(Records drawn from a dataset)
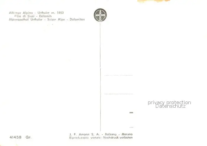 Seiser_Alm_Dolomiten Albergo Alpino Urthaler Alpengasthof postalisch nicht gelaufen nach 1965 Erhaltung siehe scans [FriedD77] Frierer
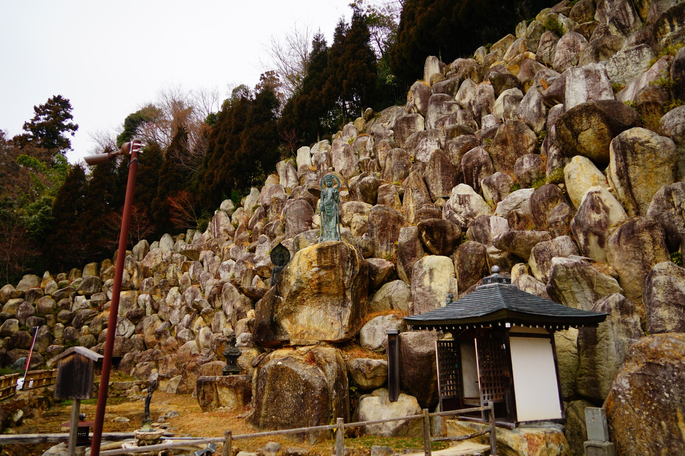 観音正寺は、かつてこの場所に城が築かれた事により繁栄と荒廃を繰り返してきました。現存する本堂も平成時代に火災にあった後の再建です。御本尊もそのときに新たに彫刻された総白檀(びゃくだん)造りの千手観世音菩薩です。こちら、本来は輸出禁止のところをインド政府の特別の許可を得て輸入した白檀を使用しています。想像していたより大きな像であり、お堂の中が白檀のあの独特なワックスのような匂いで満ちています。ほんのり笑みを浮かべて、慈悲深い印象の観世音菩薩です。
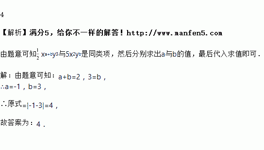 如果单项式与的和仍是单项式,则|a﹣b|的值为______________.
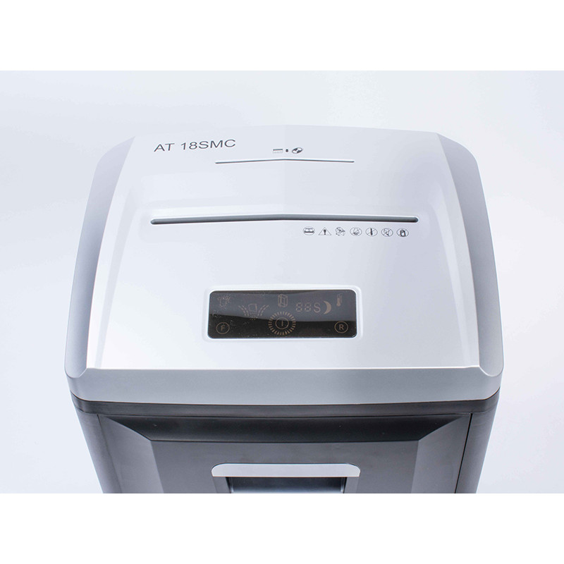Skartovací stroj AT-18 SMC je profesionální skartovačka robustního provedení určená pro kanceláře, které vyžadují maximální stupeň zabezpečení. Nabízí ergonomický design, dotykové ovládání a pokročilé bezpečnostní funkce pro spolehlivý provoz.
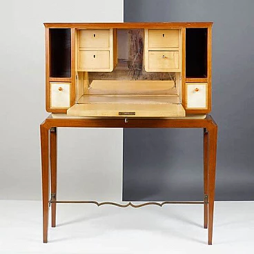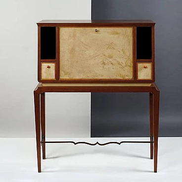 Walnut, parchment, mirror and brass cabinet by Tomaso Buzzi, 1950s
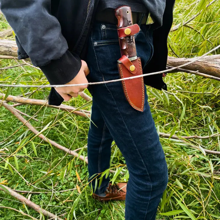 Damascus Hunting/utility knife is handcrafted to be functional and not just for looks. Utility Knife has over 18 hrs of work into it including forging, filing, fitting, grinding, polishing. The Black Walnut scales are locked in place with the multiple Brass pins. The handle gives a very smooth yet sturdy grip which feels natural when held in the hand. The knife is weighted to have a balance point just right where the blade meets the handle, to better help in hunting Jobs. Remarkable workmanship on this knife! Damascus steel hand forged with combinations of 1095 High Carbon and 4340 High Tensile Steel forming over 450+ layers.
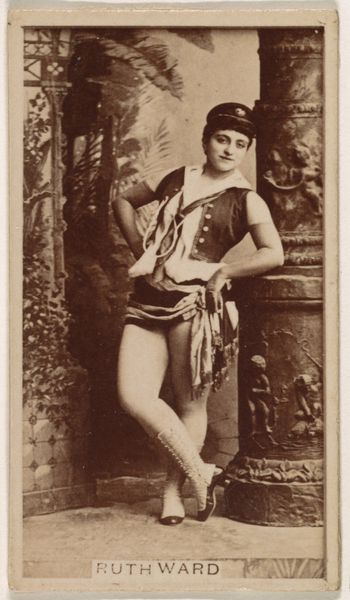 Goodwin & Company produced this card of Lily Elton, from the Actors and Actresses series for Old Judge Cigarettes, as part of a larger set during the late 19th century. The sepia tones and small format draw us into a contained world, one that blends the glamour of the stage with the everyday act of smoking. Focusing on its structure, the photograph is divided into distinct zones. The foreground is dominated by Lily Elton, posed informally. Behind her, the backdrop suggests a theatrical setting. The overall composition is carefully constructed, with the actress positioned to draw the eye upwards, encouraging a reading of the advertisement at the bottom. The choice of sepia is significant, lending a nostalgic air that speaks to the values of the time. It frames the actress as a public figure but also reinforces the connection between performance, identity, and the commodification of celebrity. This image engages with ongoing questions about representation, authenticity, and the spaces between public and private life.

**PROBLEM**.
Starting with the first line of the data above and ending with the line containing "Walnut, parchment, mirror", please restate every line exactly, leaving images out.

**EXERCISE RESULT**.
 Seiser_Alm_Dolomiten Albergo Alpino Urthaler Alpengasthof postalisch nicht gelaufen nach 1965 Erhaltung siehe scans [FriedD77] Frierer
 観音正寺は、かつてこの場所に城が築かれた事により繁栄と荒廃を繰り返してきました。現存する本堂も平成時代に火災にあった後の再建です。御本尊もそのときに新たに彫刻された総白檀(びゃくだん)造りの千手観世音菩薩です。こちら、本来は輸出禁止のところをインド政府の特別の許可を得て輸入した白檀を使用しています。想像していたより大きな像であり、お堂の中が白檀のあの独特なワックスのような匂いで満ちています。ほんのり笑みを浮かべて、慈悲深い印象の観世音菩薩です。
 如果单项式与的和仍是单项式,则|a﹣b|的值为______________.
Skartovací stroj AT-18 SMC je profesionální skartovačka robustního provedení určená pro kanceláře, které vyžadují maximální stupeň zabezpečení. Nabízí ergonomický design, dotykové ovládání a pokročilé bezpečnostní funkce pro spolehlivý provoz.
 Walnut, parchment, mirror and brass cabinet by Tomaso Buzzi, 1950s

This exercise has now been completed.